TL;DR
This paper introduces ZEN, a parameter-free hypergraph neural network that is fully linear, scalable, interpretable, and outperforms existing models in few-shot node classification tasks.
Contribution
ZEN is a novel, fully linear, parameter-free hypergraph neural network that achieves high accuracy and efficiency without complex training.
Findings
Outperforms 8 baseline models in accuracy
Achieves up to 696x speedup
Provides fully interpretable decision process
Abstract
Few-shot node classification on hypergraphs requires models that generalize from scarce labels while capturing high-order structures.
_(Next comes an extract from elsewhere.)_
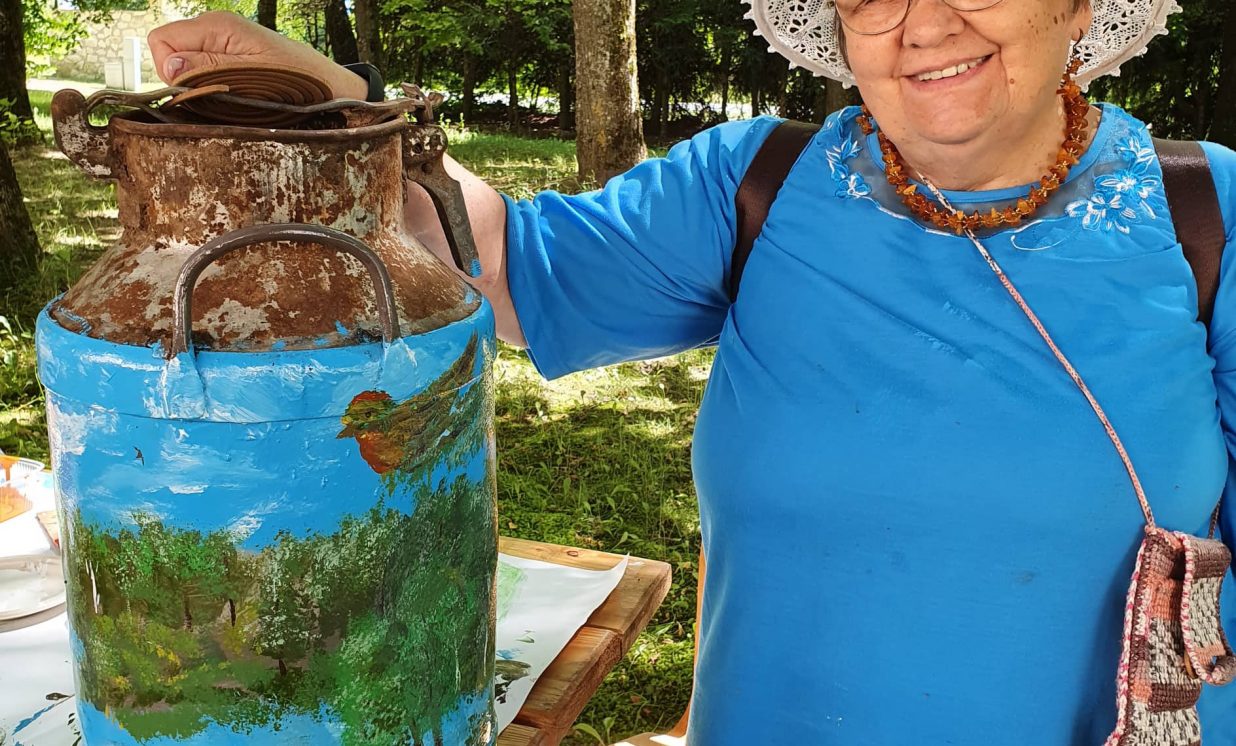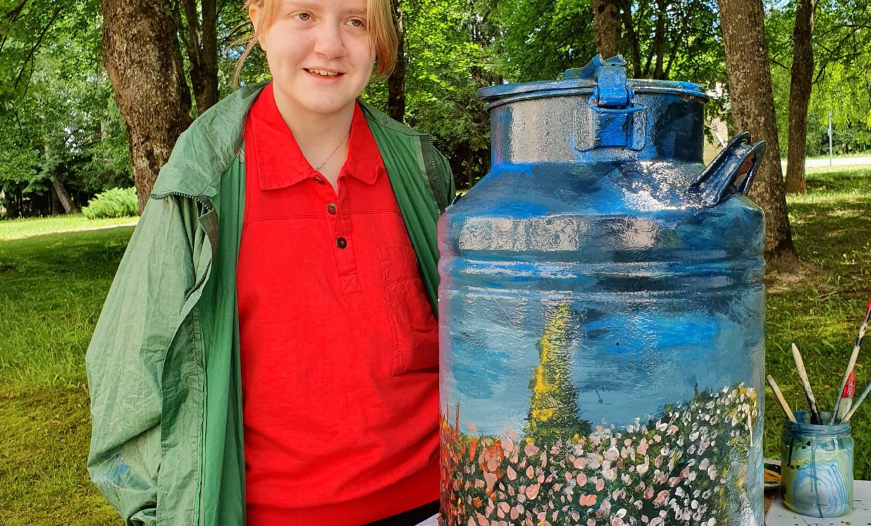 Skaistu gleznojumu uz piena kannas radīja pensionāre Janina Zajceva, kura īsi pirms pandēmijas sāka apgūt akvareļu tehniku un uzgleznojusi jau vairāk nekā 150 darbus.

Existing hypergraph neural networks (HNNs) effectively encode such structures but often suffer from overfitting and scalability issues due to complex, black-box architectures. In this work, we propose ZEN (Zero-Parameter Hypergraph Neural Network), a fully linear and parameter-free model that achieves both expressiveness and efficiency. Built upon a unified formulation of linearized HNNs, ZEN introduces a tractable closed-form solution for the weight matrix and a redundancy-aware propagation scheme to avoid iterative training and to eliminate redundant self information. On 11 real-world hypergraph benchmarks, ZEN consistently outperforms eight baseline models in classification accuracy while achieving up to 696x speedups over the fastest competitor.…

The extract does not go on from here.